Tuesday, August 1, 2017

Noel Butlin and ANU Archives Tour July 2017

Maggie Shapley (ANU archivist) led the tour of the  ANU and Noel Butlin Archives  on 26 July 2017.  A small crowd of librarians and records managers turned up to explore the repository situated over the  Parkes Way Tunnel.  Maggie explained that  the Noel Butlin Archives centre had originally been designed as an underground carpark so it is not designed in its floor loadings to carry the heavy compactuses of  purpose built  Archives. The staff have done a  great job of storing the  various collections in archival  quality  storage boxes and  making do with the shelves they had .  Various numbering  systems has been  changed and started  by different archivists. Under Maggie a major achievement has been pulling of all these diverse systems into the one relational discovery system.

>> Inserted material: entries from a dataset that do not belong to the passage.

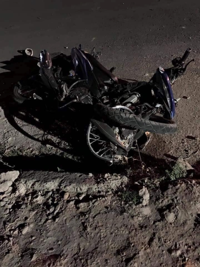 Cú va chạm mạnh khiến hai xe máy bể nát, lốp chiếc Exciter của thanh niên gây tai nạn văng ra khỏi mâm.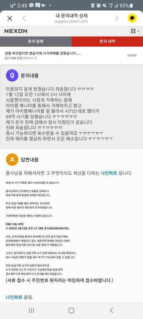 제가 사기꾼한테 메소를 건내줬지만 현금을 받지 못했습니다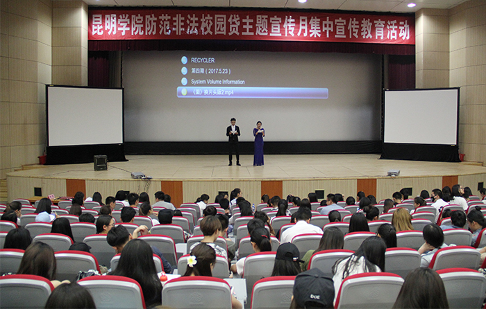 昆明市公安局经济文化保卫分局校园保卫处的杨淇警官来到现场,为大家以案释法。杨警官结合微电影中反映的校园网贷情况,列举多起全国和我省发生的涉及非法校园网贷的真实案例,为同学们深入剖析了非法校园网贷的危害,提出了防范非法校园网贷的指导意见,并与现场同学进行了互动交流,为同学们上一堂大学生信用安全教育课。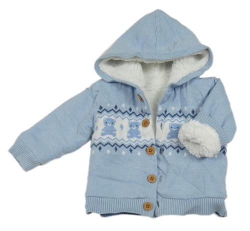 Světlemodrý propínací zateplený svetr s medvídky a kapucí Nutmeg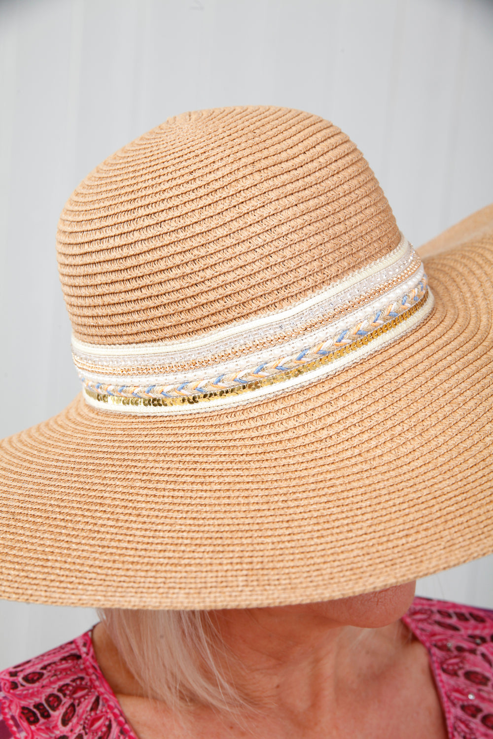 Bring effortless holiday style to every outfit with this beautifully woven straw hat. Designed with a wide brim for a chic, elegant finish, it’s trimmed with a standout embellished band featuring sequins, beading and plaited thread in soft summer shades. Lightweight and breathable, it’s the perfect finishing touch for sunny getaways, garden parties and everyday warm-weather dressing.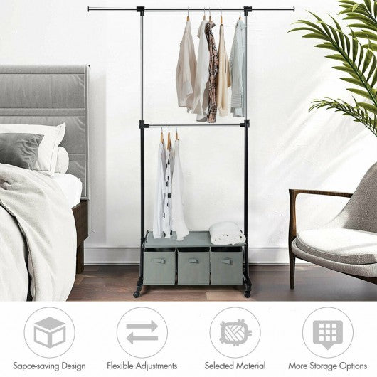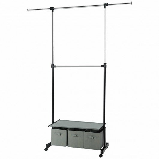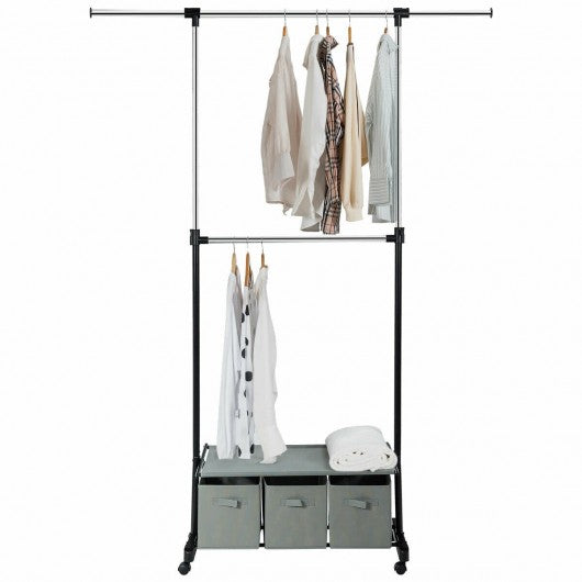 Made of heavy-duty iron frame the durable garment rack with 2 hanging rods features a functional design to orderly store clothes and provides a more organized space. This garment rack with special free standing design adjustable height and width and moveable wheels makes it suitable for many occasions ideal for bedroom dressing room and other necessary occasions to safe-keep the clothes. Thanks to the 3 additional storage boxes at the bottom it offers more storage space for your shoes towels folded clothes. Wanna keeps your daily accessories well-organized! Then oreder it now! Solid metal structure is sturdier and stronger for longer use 2 hanging rods design for displaying or storing more clothes Hang up garment conveniently on the rack Prevent clothes from falling off with functional stoppers on each side Compact and space-saving design to be simply placed in any corner or spaces Modern appearance makes it an attractive decorative in more occasions Used in living room bathroom balcony etc 3 clothing storage box drawers for conveniently storing small clothes 4 smooth wheels provide free movement between 2 locations Adjustable height and extensible top rod offer customizable size Easy to install and clean

 Maggie and  Sarah Lethbridge the Senior Archivist had gone to some pains to  draw out  interesting items in their collections to  show  us on the tour and  we all enjoyed the show and tell. The Noel Butlin Archives is a mixture of company records and union records so many family historians  use the Noel Butlin Archives to find out about their ancestors involvement in   certain unions or  firms  as well as academic researchers doing formal research into  such organisations. The range of topics researched include industrial relations, immigration, working women, indigenous employment, architecture, economic history, family history, social history in Australia and the Pacific, and on particular industries such as agriculture, timber, shipping, mining, brewing, advertising and finance The ANU Archives holds corporate as well as personal papers of ANU academics. Several interesting collection items were  the   research and mapping of the many pubs in Sydney based on the Tooth company records and the  pamphlets and photos of the  spartan ANU campus and  sparse settlement of Canberra of the 1940s used  to market ANU  and to entice British academics to migrate to  Canberra. To me personally a very interesting  collection were the unions banners  used by various trade unions as part of their Mayday celebrations. I was  also intrigued to see the  very old  minute books of   one of Australian’s earliest trade unions ,  the stone masons of New South Wales. The  collection of old sporting trophies from the old forestry school reminded me of the stories my mother an old Canberra girl use to narrate.  Learning about how they physically   treat the collection by freezing  to  keep pests like silver fish out was another interesting aspect. It certainly beats reading about such things . The  physical process of digitising various  memorable papers and  other items in the collection was an eye opener for me.  Afterwards all of us remarked how much we had gained from going on the  tour and discovering for ourselves the ANU and Noel Butlin Archives.